# Bengaluru (India) House Price Prediction

**Dataset:** Bengaluru House Price Prediction

**Explanatory Variable:** a)Area type, b) Availability, c) Location, d)Size, e) Total Sqft, f) Bath,

**Response Variable:** House Price

**Research Question:** Is there a linear relationship between house price and its corresponding bath and Bhk




In [None]:
import pandas as pd
import numpy as np
from sklearn.linear_model import LinearRegression
import seaborn as sns     
from matplotlib import pyplot as plt
from sklearn.model_selection import train_test_split

In [None]:
data = pd.read_csv("../input/bengaluru-house-price-data/datasets_20710_26737_Bengaluru_House_Data.csv")
data.head()

In [None]:
data.info()

In [None]:
print('Shape of the dataset',data.shape)
print('\n')
print('Features of the dataset', data.columns)
print('\n')
print(data['area_type'].value_counts())

In [None]:
# Dropping Null Values
data = data.dropna()

data['bhk'] = data['size'].apply(lambda x: int(x.split(' ')[0]))

data.describe()

In [None]:
# New data

data.head(5)

In [None]:
sns.pairplot(data)

### **Finding:** From this pairplot it is clear that house price has a linear relationship with bhk and bath

**Explanatory Variables:** bhk and Bath

**Response Variables:** House Price

In [None]:
num_vars = ["bath", "balcony", "price", "bhk"]
sns.heatmap(data[num_vars].corr(),cmap="coolwarm", annot=True)

### Finding :

### a) From this correlation matrix it is clear that house price is correlated with bhk and bath. 

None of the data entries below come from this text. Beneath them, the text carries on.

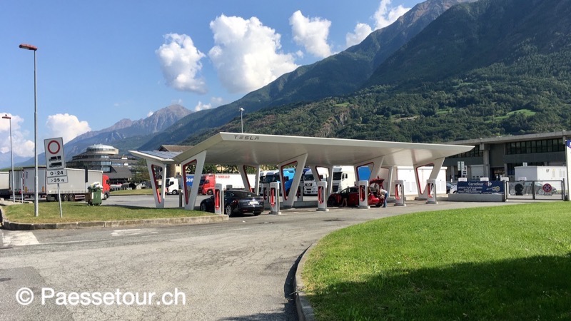 Bei Martigny stehen uns auf der Autobahnraststätte Relais St. Bernard diverse Lademöglichkeiten zur Verfügung, der Tesla Supercharger Martigny mit seinen 8 V2- und 8 V3-Ladestationen, mehrere Ionity-Ladestationen und weitere Chademo-, CCS- und Typ2-Ladestationen. In Martigny gibt es noch mehr Ladestationen.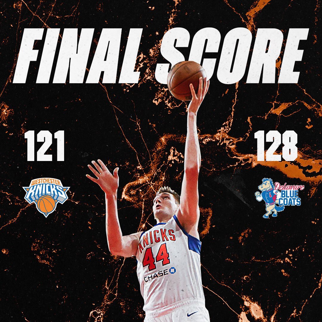 Вестчестер все ще залишається без перемог в регулярному сезоні G-Ліги, поступившись цієї ночі Делаверу 121:128. Центровий збірної України Дмитро Скапінцев вдруге поспіль після повернення з НБА зіграв у старті команди і відзначився рекордними для себе в сезоні 20 очками (10/13 двоочкові, 0/2 триочкові, 0/1 штрафні), зібрав 9 підбирань, зробив 3 передачі, 1 перехоплення, 1 блок-шот при 3 фолах та 1 втраті.
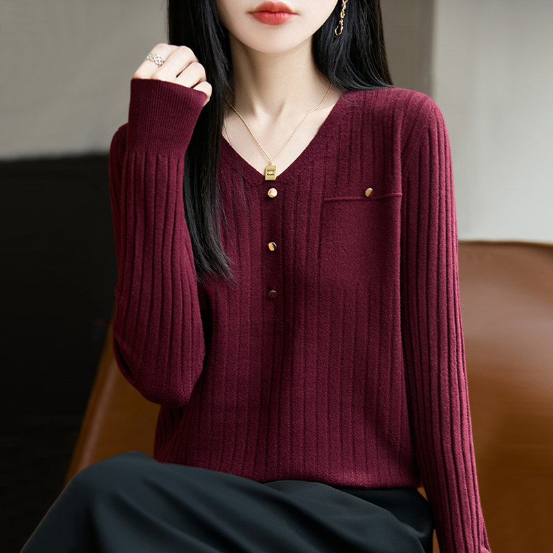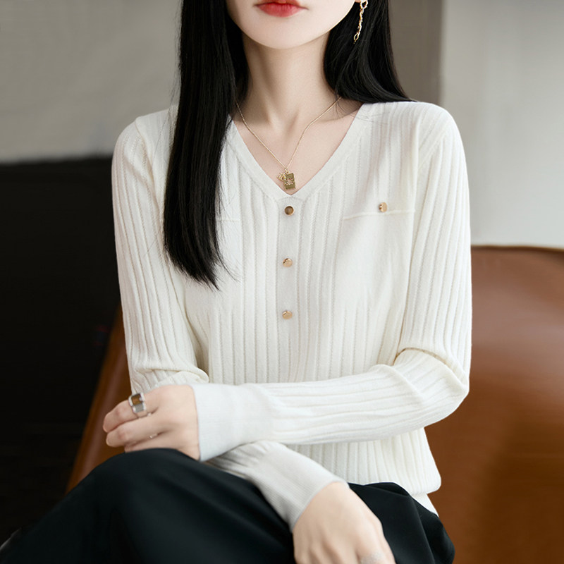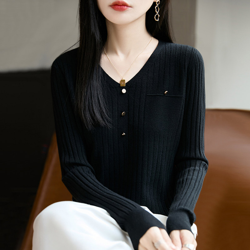 撤标撤柜(A)V领针织打底衫女春秋内搭上衣洋气大码女装秋冬毛衣

### b) bhk and bath is also highly correlated


**Explanatory Variables:** bhk and Bath

**Response Variables:** House Price

In [None]:
data['bhk'].value_counts().plot(kind='bar')

### Finding: 2 and 3 bhk buildings are more common in Bengalure, India

In [None]:
data['bath'].value_counts().plot(kind='bar')

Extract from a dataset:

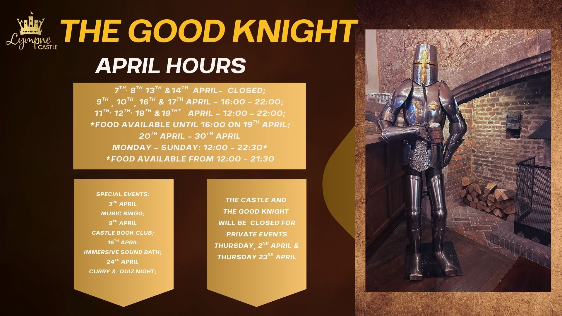 *Food available until 16:00 on 19th April, and one hour prior to closing on the other days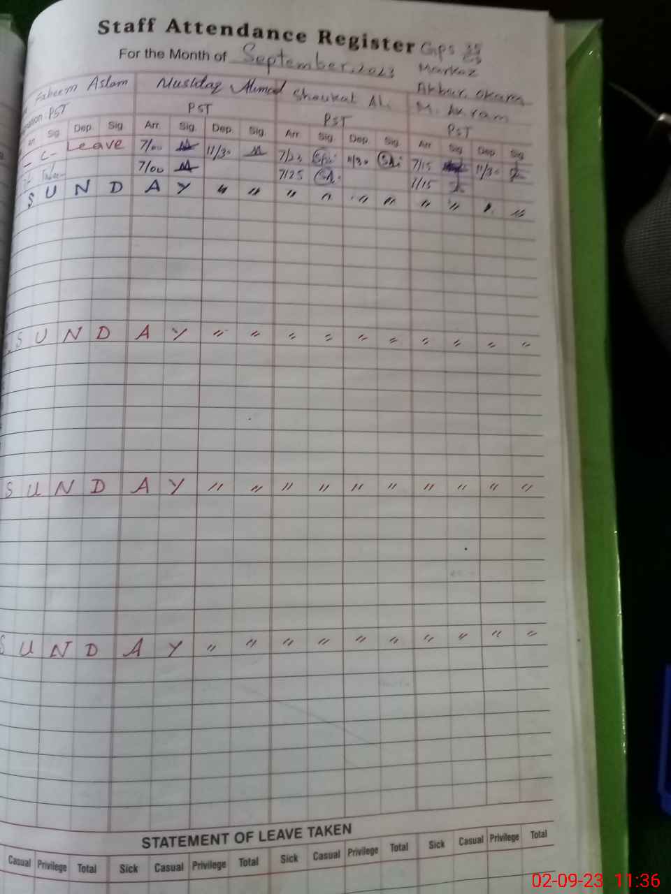 | Leave | Duty | Absent | Maternity | Medical | Ex- Pak |

### Finding: 2 and 3 bathroom facility is more common in most of the buildings in Bengalure (India)

### Model Building

In [None]:
X = data.drop(['price','area_type','location','availability','size','society','total_sqft'],axis='columns')
Y = data['price']
X_train, X_test, y_train, y_test = train_test_split(X,Y,test_size=0.2,random_state=10)

In [None]:
from sklearn.model_selection import GridSearchCV
from sklearn.model_selection import ShuffleSplit
from sklearn.linear_model import Lasso
from sklearn.tree import DecisionTreeRegressor
from sklearn.ensemble import RandomForestRegressor

def find_best_model_using_gridsearchcv(X,y):
    algos = {
        'linear_regression' : {
            'model': LinearRegression(),
            'params': {
                'normalize': [True, False]
            }
        },
        'lasso': {
            'model': Lasso(),
            'params': {
                'alpha': [1,2],
                'selection': ['random', 'cyclic']
            }
        },
        'decision_tree': {
            'model': DecisionTreeRegressor(),
            'params': {
                'criterion' : ['mse','friedman_mse'],
                'splitter': ['best','random']
            }
        },
    
        'RandomForest': {
            'model': RandomForestRegressor(),
            'params': {
                'n_estimators': [200, 500],
                'max_features': ['auto', 'sqrt', 'log2'],
                'max_depth' : [4,5,6,7,8],
            }
        }
    }
    scores = []
    cv = ShuffleSplit(n_splits=5, test_size=0.2, random_state=0)
    for algo_name, config in algos.items():
        gs =  GridSearchCV(config['model'], config['params'], cv=cv, return_train_score=False)
        gs.fit(X,y)
        scores.append({
            'model': algo_name,
            'best_score': gs.best_score_,
            'best_params': gs.best_params_
        })

    return pd.DataFrame(scores,columns=['model','best_score','best_params'])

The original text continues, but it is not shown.